食の安全に係わるリスクアナリシスの仕組みが、我が国において未だ十分に理解されていないと思われることから、その重要な部分や考え方に関してここに情報を発信します。

1995年頃よりFAOやWHO等の国際機関において食品安全問題へのリスクアナリシス(リスク分析)の適用について検討が進められ、各国において自国の食品の安全性確保に向けてその導入が図られてきました。この間、我が国においても、とくに牛海綿状脳症(BSE)の対策に端を発して、食品の安全性確保におけるリスク分析の重要性が指摘されてきたところです。

リスク分析は、1)科学的知見に基づいて食品由来の健康危害リスクを究明するプロセスであるリスク評価(従来の「安全性評価」を含む)、2)リスク評価の結果に照らし、規制方策を含め、適正な制御方法を選択し実行するプロセスであるリスク管理、3)リスクとその管理に関する情報と意見を、リスク評価者、リスク管理者、消費者、その他すべての関係者の間で交換する相互作用的なプロセスであるリスクコミュニケーションから成り立っています。

リスク評価の結果は、リスク管理者が必要とする科学的根拠として用いることのできるものであらねばならず、そのためにリスク評価者は、リスク管理者のニーズを的確につかむ必要があります。この意味で、評価者と管理者との間には相互理解を図るための十分な情報交換が不可欠です。しかし、この科学的判断のプロセスは、いかなる形であれ、リスク管理上の政策的圧力や宗教上の圧力によって歪められ偏ることがあっては、その本来の機能が失われることになります。ここに、リスク評価とリスク管理との機能的分離が必要とされる所以があるわけです。

リスク管理者は、リスク評価結果に基づいて規制あるいは制御の方策を選択し、講じ、実行する責任を有しています。それら方策は、経済的にも食習慣の上からも、食糧資源確保の点からも、あるいは長期的な展望の下においても、妥当なものでなければなりません。そこには、健康危害リスクの制御などに関する科学的判断および社会的経済的判断が必要であることはいうまでもありません。こうした総合的判断に必要な情報は、リスクコミュニケーションによって得られる部分が多く、これにより関係者が理解し受け入れることのできる方策の構築と実現が可能となります。

一方、科学者により進められるリスク評価は、政策担当者によって歪められてはならないことは勿論のこと、その評価結果の妥当性が科学的な評価にも耐え得るものでなければなりません。そのために、リスク評価に用いられるデータ、仮定、方法、結論等は、公開されることになります。

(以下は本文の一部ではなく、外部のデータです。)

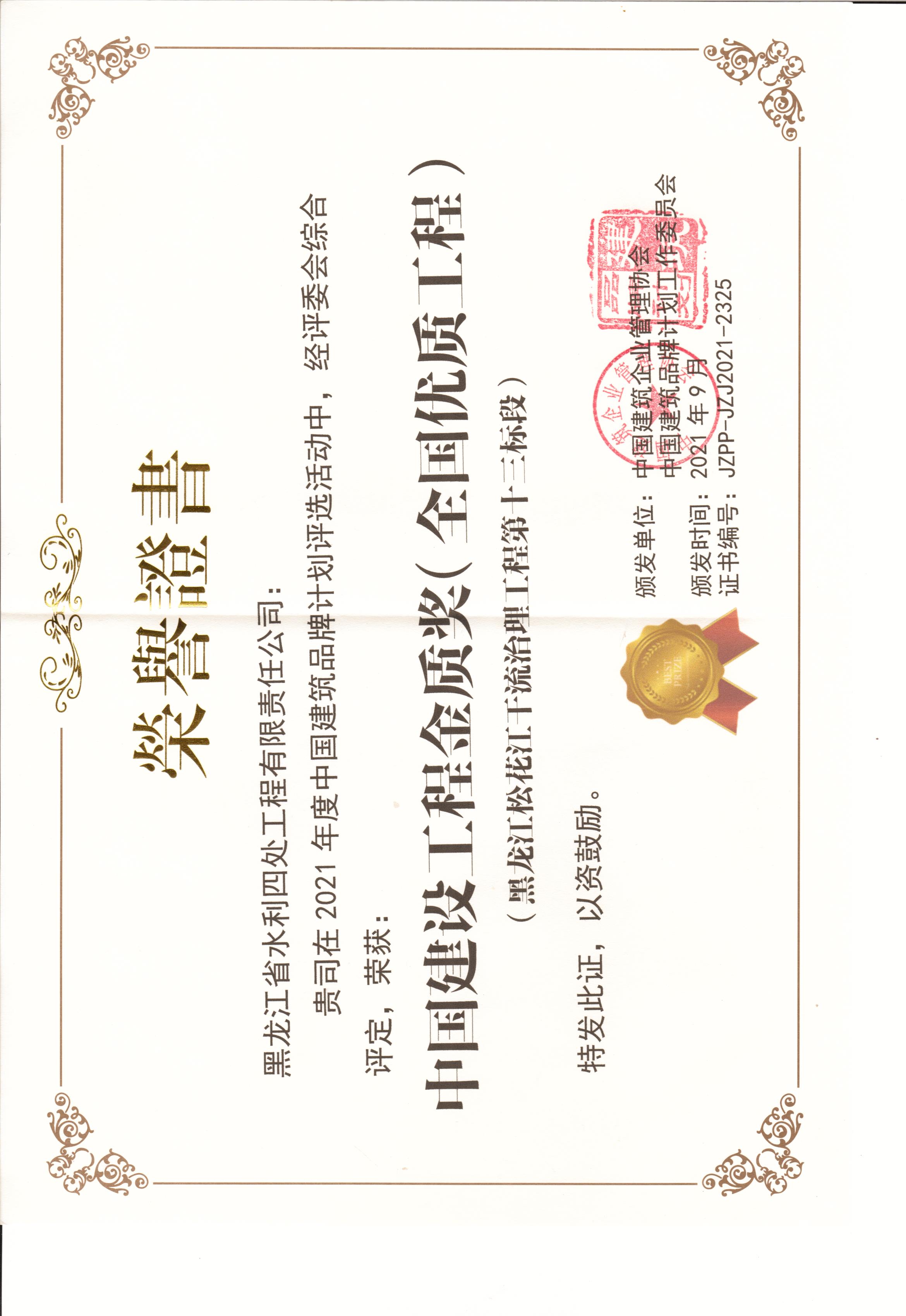 上一篇:黑龍江省優(yōu)質(zhì)工程(龍江杯)獲獎證書
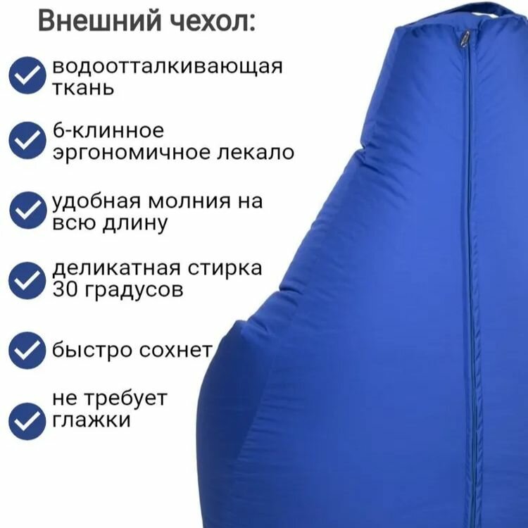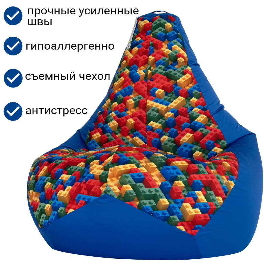 СохранитьКресло-Мешок груша Лего синий 120х80 размер XXL, Чудо Кресло, Велюр Оксфорд, ручка, люверс, молния, пуф мешок интересное:
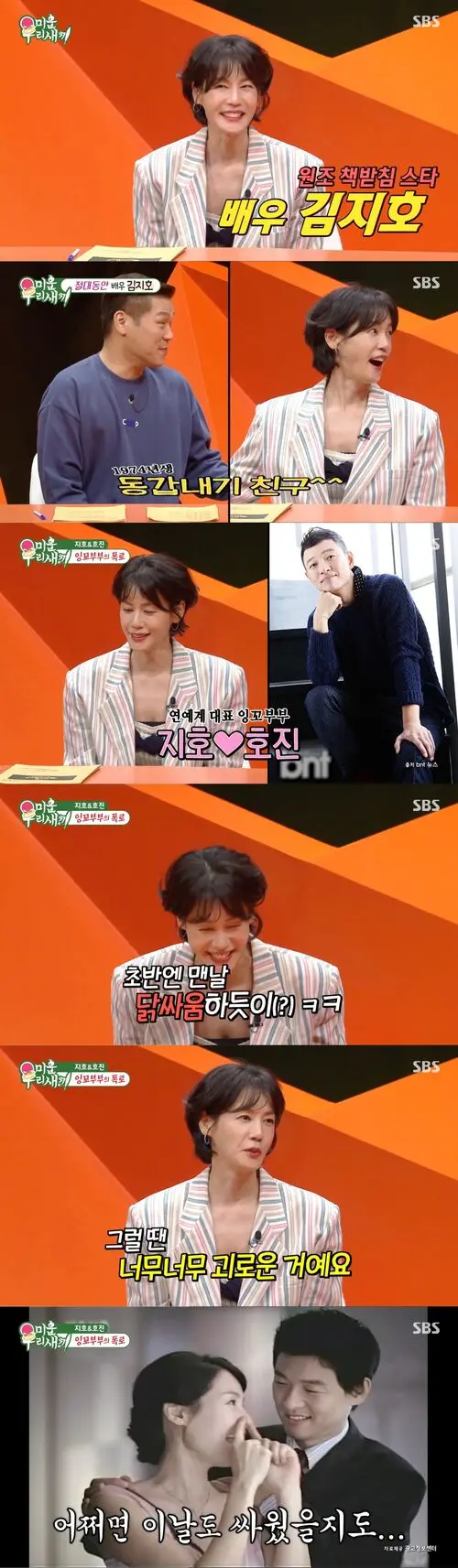 During the broadcast, Kim Ji-ho revealed she shares the same birth year, 1974, with Seo Jang-hoon, surprising everyone. Known for her youthful appearance, Kim Ji-ho, alongside actor Kim Ho-jin, has been considered one of the entertainment industry's model couples.

また、リスク管理の方策の構築と実行のプロセスも、関係者に見えるようにしなければ、その理解を得ることが困難となります。したがって、個人や団体の利害を配慮し人権を尊重する必要があるとはいえ、透明性の確保は、基本的にリスク評価のみならずリスク管理のプロセスにも必須なものと理解されています。

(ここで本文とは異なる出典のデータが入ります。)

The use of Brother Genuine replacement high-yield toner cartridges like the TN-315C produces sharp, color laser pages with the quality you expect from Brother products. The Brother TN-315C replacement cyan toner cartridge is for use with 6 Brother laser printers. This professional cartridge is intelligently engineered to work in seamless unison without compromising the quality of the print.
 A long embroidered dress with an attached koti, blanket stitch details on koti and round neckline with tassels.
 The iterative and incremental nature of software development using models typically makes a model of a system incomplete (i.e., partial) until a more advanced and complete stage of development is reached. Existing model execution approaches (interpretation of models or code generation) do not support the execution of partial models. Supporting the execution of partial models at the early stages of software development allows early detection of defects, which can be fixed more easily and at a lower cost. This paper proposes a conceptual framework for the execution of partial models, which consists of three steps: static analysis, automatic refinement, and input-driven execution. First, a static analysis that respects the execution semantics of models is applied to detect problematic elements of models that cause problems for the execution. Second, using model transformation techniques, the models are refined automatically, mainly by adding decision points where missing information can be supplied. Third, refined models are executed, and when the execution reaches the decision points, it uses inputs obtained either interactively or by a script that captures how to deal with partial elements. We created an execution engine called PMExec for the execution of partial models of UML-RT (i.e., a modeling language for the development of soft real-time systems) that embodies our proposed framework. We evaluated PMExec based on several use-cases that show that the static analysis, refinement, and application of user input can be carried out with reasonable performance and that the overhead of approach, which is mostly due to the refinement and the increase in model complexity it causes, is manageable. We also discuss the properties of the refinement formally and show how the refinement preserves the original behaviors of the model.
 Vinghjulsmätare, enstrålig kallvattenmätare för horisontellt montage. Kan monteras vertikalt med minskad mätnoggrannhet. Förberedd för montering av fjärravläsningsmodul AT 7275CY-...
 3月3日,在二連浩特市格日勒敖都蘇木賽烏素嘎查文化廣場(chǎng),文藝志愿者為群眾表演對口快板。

我が国においては、こうしたリスク分析の考え方に沿って、食品安全基本法が制定され、リスク評価機関として食品安全委員会が、リスク管理機関として農林水産省や厚生労働省等がそれぞれの役割を果たしているところです。今後も、リスク分析の仕組みに基づく食の安全に対する取り組みを、国民全体が支援し発展させることが必要とされ、食の安全研究センターも科学的側面からこの取り組みを支援していきます。